On a sofa in the house of Mr. Stephen Grey, lay a lady with a pale face and delicate features. It was Stephen Grey’s wife. She had just returned home after seven or eight months’ absence at the continental spas, whither she had gone with her sister, a wealthy widow, hoping to pick up renewed health; for she, Mrs. Grey suffered always from an affection of the spine.
Frederick was bending over her. The boy loved nothing so much on earth as his mother. He was narrating to her all the wonders, pleasant and unpleasant, that had occurred during her absence: the tragedy which had taken place in Palace Street, and its present consequences to Mr. Stephen Grey, naturally forming a principal topic. This had not been written of to Mrs. Grey. “As well not disturb her with disagreeeble matters,” Mr. Stephen had remarked at the time. She was growing excited over the recital, and she suddenly sat up, looking her son full in the face.
“I cannot understand, Frederick. Either your papa did put the opium into the mixture—”
“Prussic acid, mamma.”
“Prussic acid! What made my thoughts run upon opium? — talking of a sleeping draught, I suppose. Either your papa did put the prussic acid into the mixture, or he did not—”
“Dearest mamma, do I not tell you that he did not? I watched him make it up; I watched every drop of everything he put into it. There was no more poison in that draught than there is in this glass of wa
ter at your elbow.”
“My dear, I do not dispute it: I should be excessively astonished to hear that your papa had been careless enough to do such a thing. What I want to know is this — with your testimony and your Uncle John’s combined, with the experience of years that they have had of your father, and with the favourable verdict of the coroner’s jury, why have people taken up this prejudice against him?”
“Because they are fools,” logically answered Frederick. “I don’t suppose there are ten people in the place who would call in papa now. It makes Uncle John so mad!”
“It must give him a great deal of extra work,” observed Mrs. Stephen Grey.
“He is nearly worked off his legs. Some of our patients have gone over altogether to the enemy, Carlton. It is he who is the chief mover against papa. And he does it in such a sneaking, mean way. ‘I am grieved to be called in to take the place of Mr. Stephen Grey,’ he says ‘No man can more highly respect him than I do, or deplore more deeply the lamentable mistake. I cannot but think he will be cautious for the future: still, when the lives of those dear to us, our wives and children, are at stake’”
Mrs. Grey could not avoid an interrupting laugh, Frederick was imitating Mr. Carlton so quaintly.

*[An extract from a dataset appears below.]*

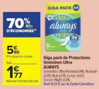 Sujet: Serviettes Always Ultra chez Carrefour Market (29/06 - 11/07) (Lu 335 fois)

“How do you know he says this to people?” she asked.
“Plenty of them could bear testimony to the fact, mamma. And it does its work all too well.”
“And what is Mr. Carlton’s motive?”
“To get our patients away from us, of course. Now that he has married an earl’s daughter, he can’t do with a small income. I wrote you word, you know, about his running away with Miss Laura Chesney. They met with a series of disasters in their flight; were pitched out of Mr. Carlton’s carriage into the mud, and Miss Laura lost one of her shoes. She’s Lady Laura now — and was then, for that matter, if they had only known it: it’s said that Mr. Carlton did know it. They were married at Gretna Green, or one of those convenient places; and when they came back to South Wennock were married again. You should have seen St. Mark’s Church. Crowds upon crowds pushed into it.”